We lost my husband Aaron's mother a day before her fifty-sixth birthday and a week and a day before Aaron's thirtieth birthday. This is what I shared at her celebration of life.
I am Shannon Sullivan, Bonnie's daughter-in-law. Or Ms. Bonnie, as I usually call her. What can I say--- it's hard to break habits from high school. We all know the stereotype of the relationship between mothers-in-law and their daughters-in-law, but it probably won't surprise you to know that Ms. Bonnie was not like that. In fact she supported me and defended me and continually checked in to make sure that Aaron was treating me all right. Even though my sisters insist that I am the reacher and Aaron is the settler in our relationship, Ms. Bonnie--- and David too--- always looked out for me. “That Aaron better be spending time with you instead of always going to the airport!” she would say to me.
The first time I went to Aaron's house as his girlfriend, Aaron and I went walking through the woods and came back with the bottoms of my jeans caked in mud. She was mortified, worrying that my parents would never let me come back. So she made me borrow a pair of Aaron's pants so she could wash mine. And his pants fit me. Kind of a terrible experience for a fifteen-year-old girl who knew little about body positivity, but I later joked that we would have to get married because we would save so much money on pants if we could borrow one another's! But it was just the first of many ways she took care of me--- of us--- even while she made us laugh, whether intentionally or unintentionally. Mr. Mike told us the other night that she knew Aaron and I would get married when we went away for college even though we went to different colleges. But she never said anything to Aaron because she never wanted to influence him. Sure, she gave advice, but she always wanted us to make our own decisions and supported us no matter what we did.
But it was her faith that really was transformational. There's a story in the Bible about the relationship between a mother-in-law and her daughter-in-law. It's the book of Ruth. In it, a woman named Naomi loses her husband and both sons and decides to move back to her own country. One daughter-in-law kisses her and wishes her well but another clings to her and ends up going with her to Bethlehem. That one is Ruth, whose name means friend, and Ruth really took care of Naomi in the fog of her grief and nourished her into life. Bonnie was more like Ruth was in this story for me, and I was more like Naomi, especially this year. Naomi at one point says change her name to Mara, because Mara means bitter and she thinks God has dealt bitterly with her (Ruth 1:20). I felt a lot like Naomi this past year. Now, Ruth's life was one big struggle too, but she does not give up, as Naomi actually does and I felt like doing at times too. And Ms. Bonnie never gave up either.
I
was one of the people who helped care for my mother-in-law on and off
for the past two years. I would come over to her house to help with
meals and moving around, but I would bring my grief baggage and my
frustration with God and my hopelessness that I would ever have a baby. Ms. Bonnie always had hope, for herself, for me. She was always there to give me an encouraging word. She would often say that it was so hard because she couldn't do anything, couldn't offer anything because she was so weak. Carrying hope for someone who doesn't have anymore is a pretty big offering. So is prayer. She and Mr. Mike would pray for Aaron and I every day, even while Aaron and my prayers were often focused on ourselves because of how isolating our grief and anxiety can be; she didn't let her physical isolation and even later her depression keep her from directing her energy for prayer towards others. She was a true friend, a woman who was always giving, always loving, in spite of her own pain and in spite of my frequent bitterness.

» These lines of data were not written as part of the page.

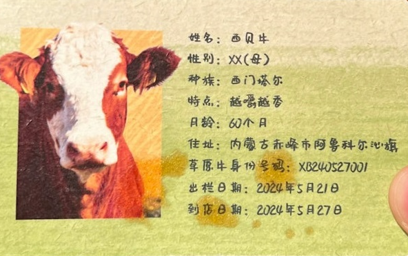 據網友PO出的照片,該張牛「身分證」詳細記載了資訊。包括性別為母,種族是西門塔爾,月齡60個月。出欄日期是2024年5月21日,到店日期是5月27日。上面還標注了牠的「住址」是在內蒙古赤峰市阿魯科爾沁旗,並給了牠「身分號碼」,更附上了牛的彩色照。
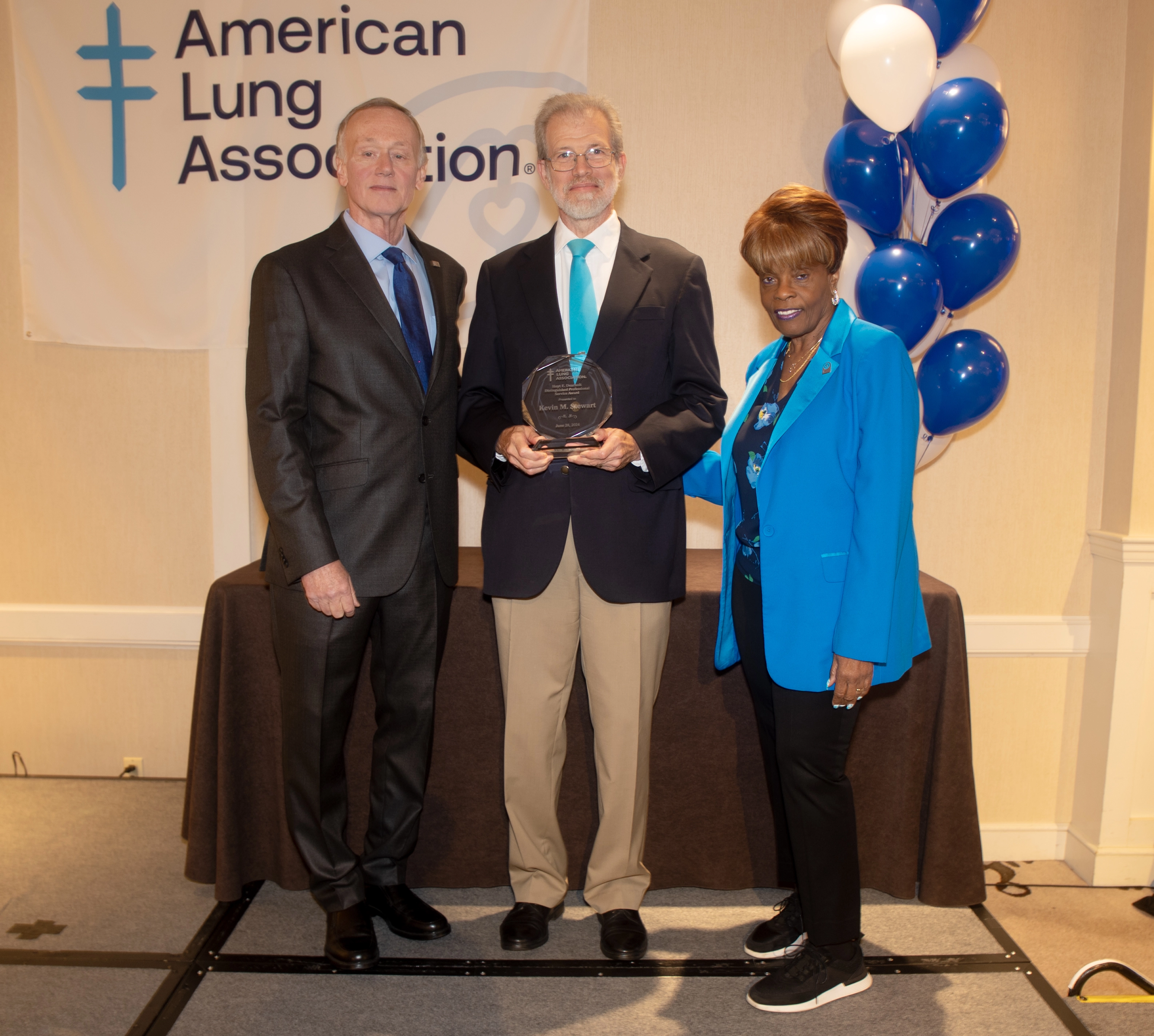 Stewart continues to be a leading voice for healthy air and its health effects for the Lung Association and has been instrumental in shaping the nationwide healthy air program through his work during the past 37 years. (Pictured here left to right, downloadable: Harold Wimmer, President & CEO, American Lung Association, Kevin Stewart, and Cheryl Calhoun, Immediate Past Chair of the American Lung Association National Board of Directors).
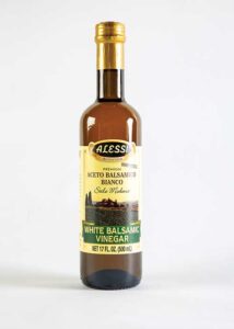This type of vinegar is processed in the same way as regular balsamic. However, its light color keeps it from “muddying” recipes, contributing brightness both in flavor and color. It’s a great option to turn to when cooking up veggie-forward dishes, marinades, and more.
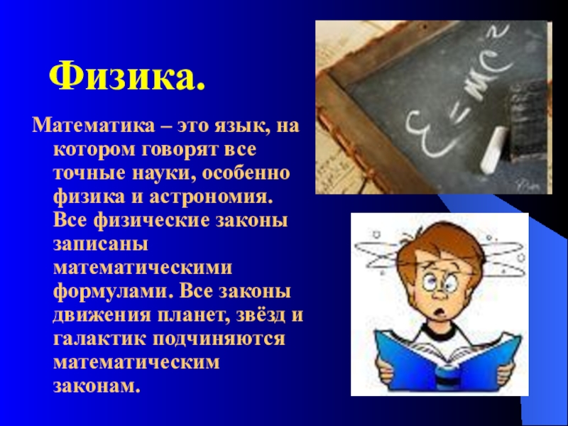 физика и астрономия. Все физические законы записаны математическими формулами. Все законы движения планет, звёзд и галактик подчиняются математическим законам.
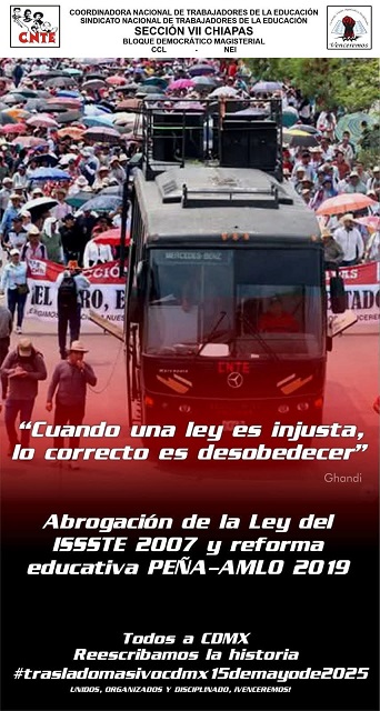 Dentro de los cuales se encuentran los trabajadores de la Educación en Chiapas quienes adelantaron que arribarán de manera masiva a la Ciudad de México asistiendo al llamado de la Coordinadora Nacional de Trabajadores de la Educación para estallar la Huelga Nacional.
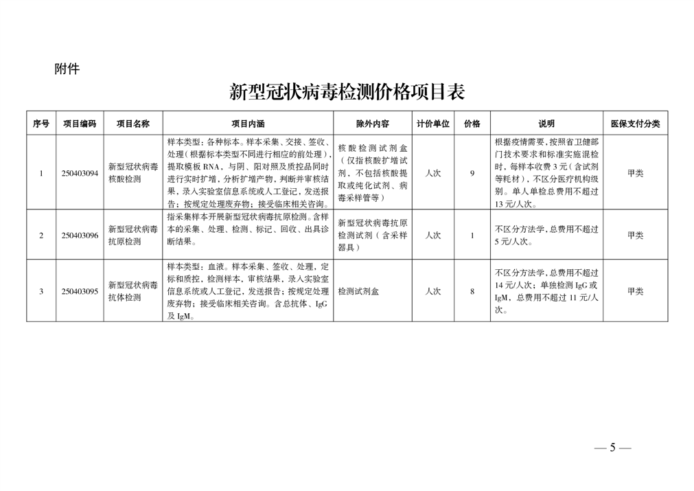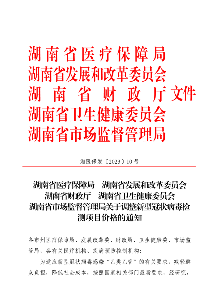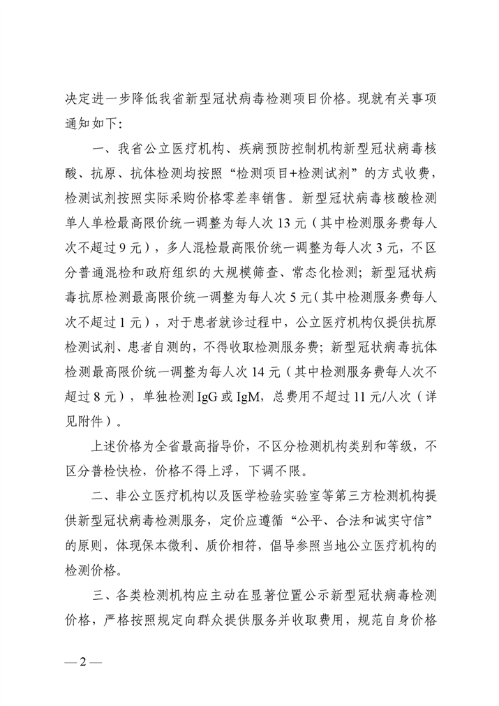 关于调整新型冠状病毒检测项目价格的通知

Chaplain Allen Seigel at Upper Chesapeake read Proverbs 31:10-31 as Ms. Bonnie was dying. Verse 29 says, “Many women have done excellently, but you surpass them all.” Bonnie did surpass them all. And even though I am still thinking of changing my name to Mara sometimes, I give thanks to God for Bonnie's friendship, her guidance, her prayers. And I know the love of Christ that she taught us will still sustain us as a family always.